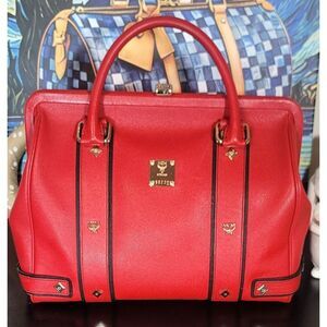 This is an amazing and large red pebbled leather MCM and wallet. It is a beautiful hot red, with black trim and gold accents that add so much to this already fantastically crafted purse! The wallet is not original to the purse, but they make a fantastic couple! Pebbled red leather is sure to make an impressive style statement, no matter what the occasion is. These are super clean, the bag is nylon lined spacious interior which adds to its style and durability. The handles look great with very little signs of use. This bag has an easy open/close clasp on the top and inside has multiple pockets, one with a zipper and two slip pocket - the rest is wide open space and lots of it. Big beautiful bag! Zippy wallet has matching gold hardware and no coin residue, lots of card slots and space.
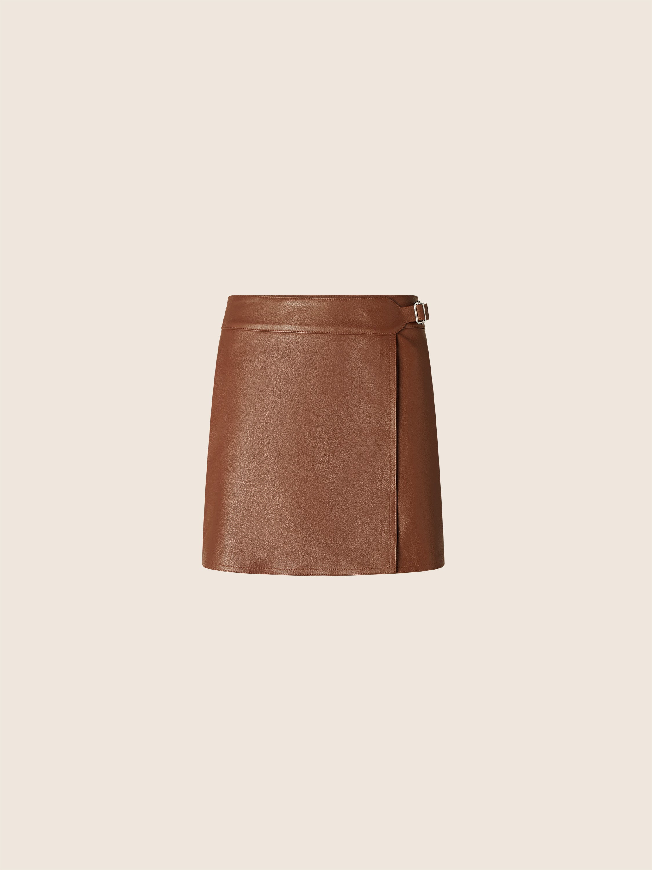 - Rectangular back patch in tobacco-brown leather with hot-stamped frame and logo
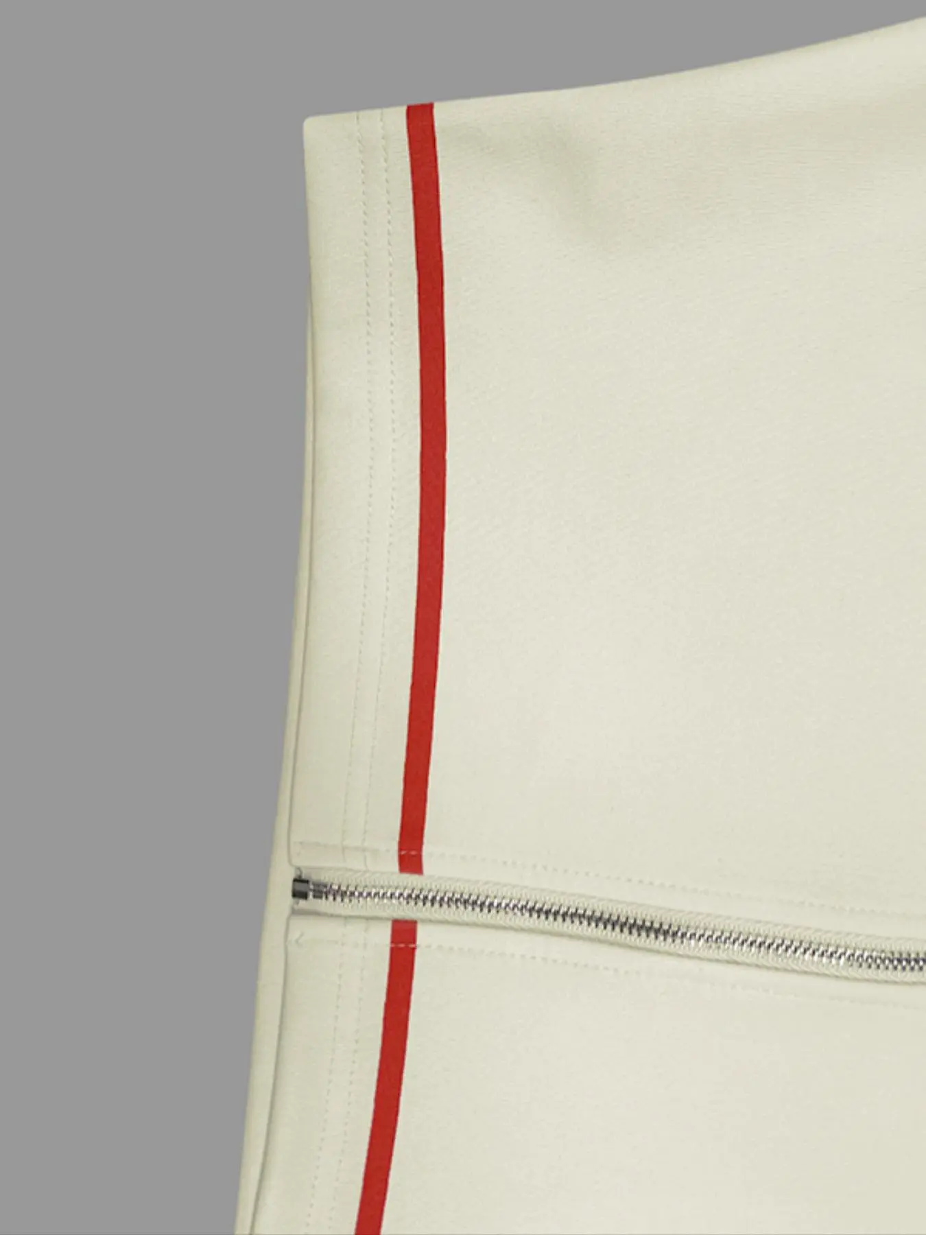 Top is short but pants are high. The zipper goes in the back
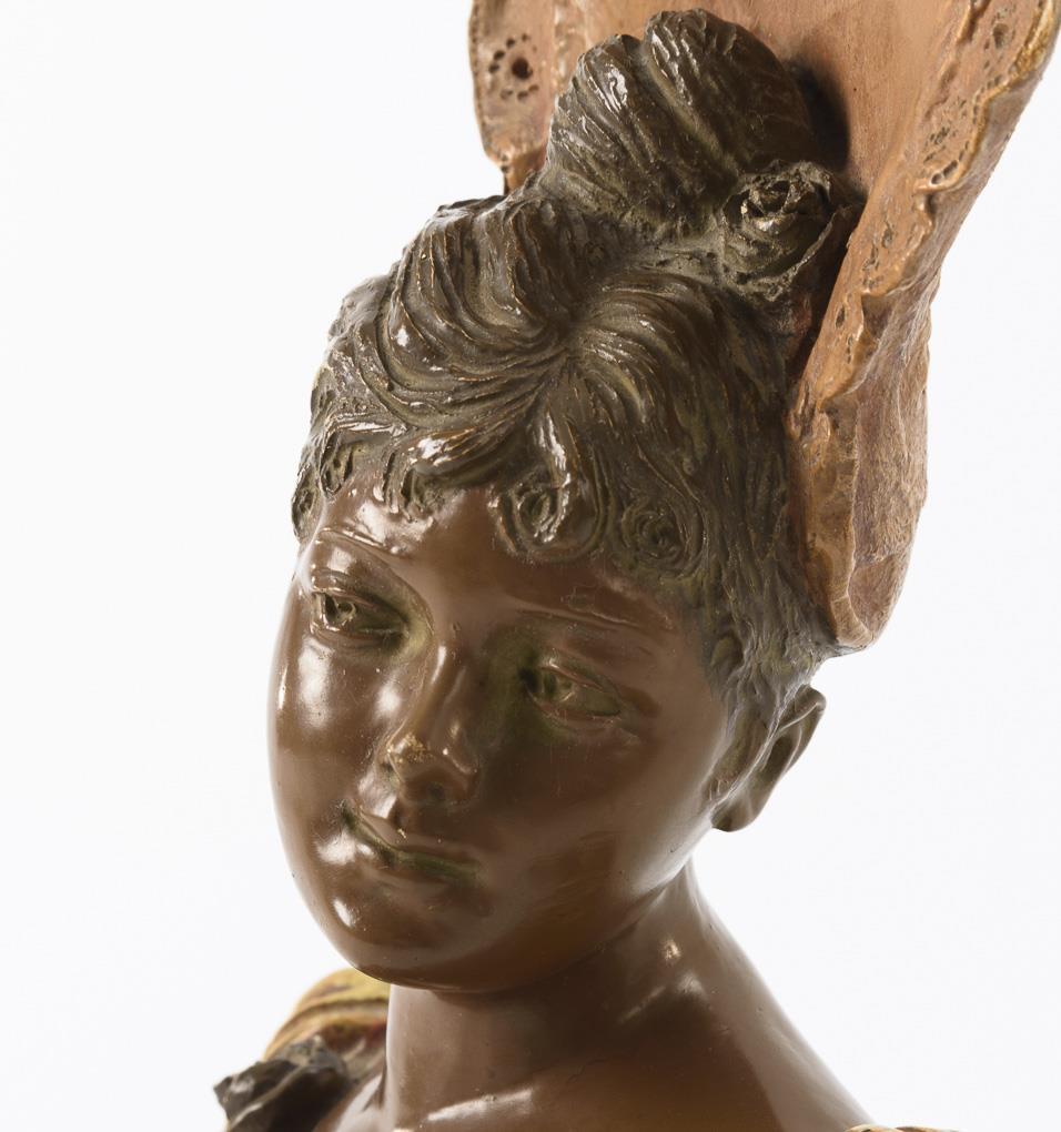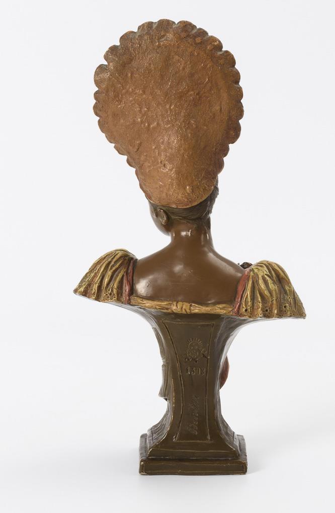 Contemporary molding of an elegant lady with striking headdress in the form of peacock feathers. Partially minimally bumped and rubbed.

» **Problem to work on**
Please transcribe the material above exactly as written. Leave the pictures out.

» **Solution to the exercise**
 This is an amazing and large red pebbled leather MCM and wallet. It is a beautiful hot red, with black trim and gold accents that add so much to this already fantastically crafted purse! The wallet is not original to the purse, but they make a fantastic couple! Pebbled red leather is sure to make an impressive style statement, no matter what the occasion is. These are super clean, the bag is nylon lined spacious interior which adds to its style and durability. The handles look great with very little signs of use. This bag has an easy open/close clasp on the top and inside has multiple pockets, one with a zipper and two slip pocket - the rest is wide open space and lots of it. Big beautiful bag! Zippy wallet has matching gold hardware and no coin residue, lots of card slots and space.
 - Rectangular back patch in tobacco-brown leather with hot-stamped frame and logo
 Top is short but pants are high. The zipper goes in the back
 Contemporary molding of an elegant lady with striking headdress in the form of peacock feathers. Partially minimally bumped and rubbed.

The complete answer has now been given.